Happy Birthday katrina, I hope your day is as special as you are. :birthday: :birthday: :bday: :balloons:


----------



## KW Farms (Jun 21, 2008)

HAPPY BIRTHDAY!!! Hope you have a wonderful day!!


----------



## AlaskaBoers (May 7, 2008)

THANKS GUYS!! :grouphug:

And it's a beautiful, 50 degree day here, 12 days to goat babies!

I woke up to a airbrush and compressor and a mono pod for hiking photos... NO WAY!!  I told my parents it would be hard to shop for me this year, I really have a great life.


----------



## nancy d (Oct 5, 2007)

Happy Birthday Katrina!
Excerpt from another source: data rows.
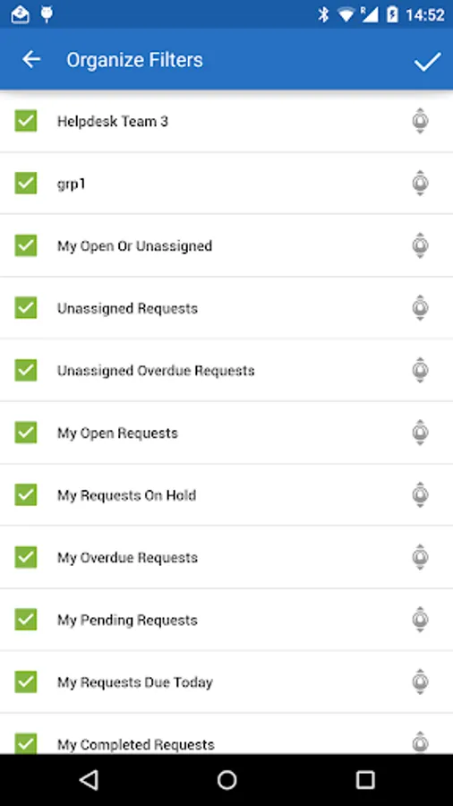 * Filter requests based on criteria such as unassigned, pending, open etc.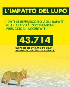 E il lupo? In questo caso, tra il 2015 e il 2019 sono stati oltre 43.700 i capi di bestiame predati, l’82% dei quali ovicaprini. Questo il commento di AB: “Questi dati ci aiutano ad affermare nuovamente che la gestione faunistica non è solo una sfida ambientale, è una necessità economica per la sopravvivenza delle nostre campagne” (fonte: AB-Agrivenatoria Biodiversitalia).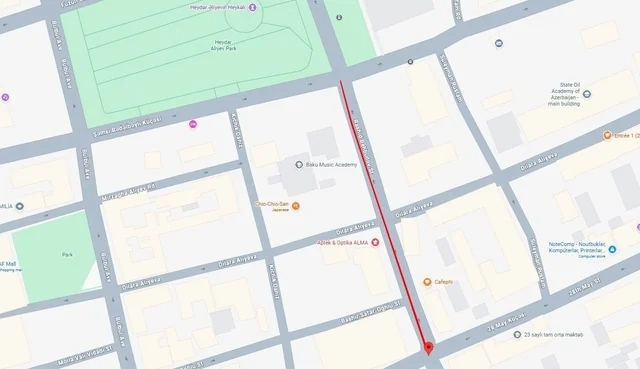 2. улица Рашида Бейбутова (участок между улицами 28 Мая и Шамси Бадалбейли);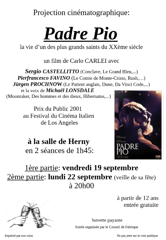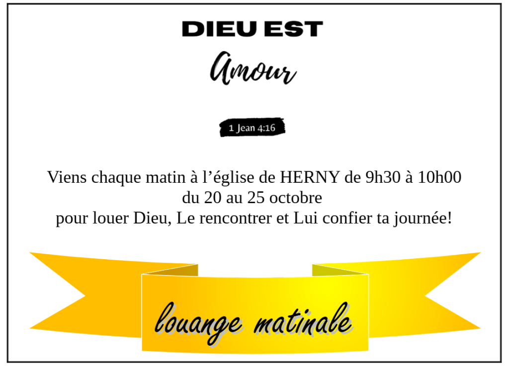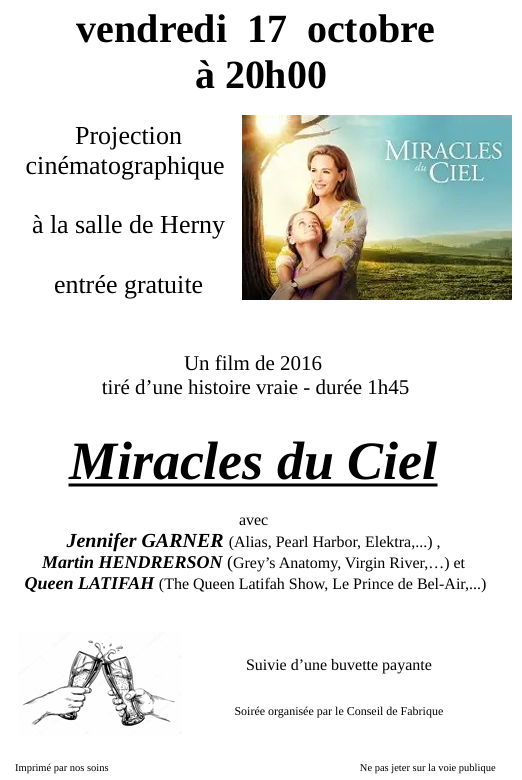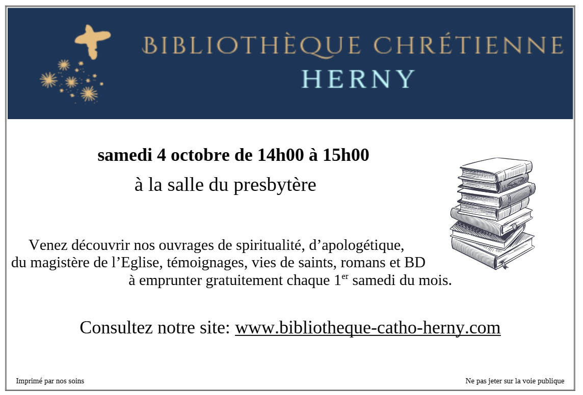 Les actualités de la paroisse Prochaine messe : mardi 21 octobre à 18h00 à la sacristie. Prochaine messe Samedi 11 octobre à 18h en l’église de Herny. —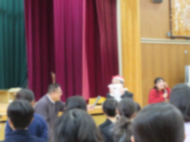 12月の音楽朝会では、「赤鼻のトナカイ」を全校で歌いました。

No wonder it snowed a little this am, in your honor!!


----------



## AlaskaBoers (May 7, 2008)

haha, thanks, and it snowed a good frosting here too. ..though, i see it's melting


----------



## toth boer goats (Jul 20, 2008)

Glad your day is going great.... :hi5: you are such a sweet person and I wish the very best for you ........... :thumb:


----------



## liz (Oct 5, 2007)

*HAPPY BIRTHDAY KATRINA!!!*

Soooooo HAPPY that you are enjoying your day!!! :cake:


----------



## dobe627 (Oct 16, 2007)

Happy Birthday- hope it was a great day for you


----------



## myfainters (Oct 30, 2009)

:cake: :gift: arty: :birthday: :birthday: :birthday: :birthday: :birthday: :birthday:


----------



## StaceyRosado (Oct 5, 2007)

So glad your day has been so good thus far - hope it continues 

Happy birthday :stars:


----------



## bleatinghearts (Feb 26, 2010)

HaPpY BirThDaY KaTrInA!!!!!!!


----------



## RPC (Nov 6, 2009)

:clap: :leap: :birthday: :stars: :balloons: arty: Ok I think that is enough faces. HAPPY BIRTHDAY


----------



## peggy (Aug 11, 2010)

HAPPY BIRTHDAY KATRINA!!!!! Hope we can see some fabulous artwork with that airbrush!!


----------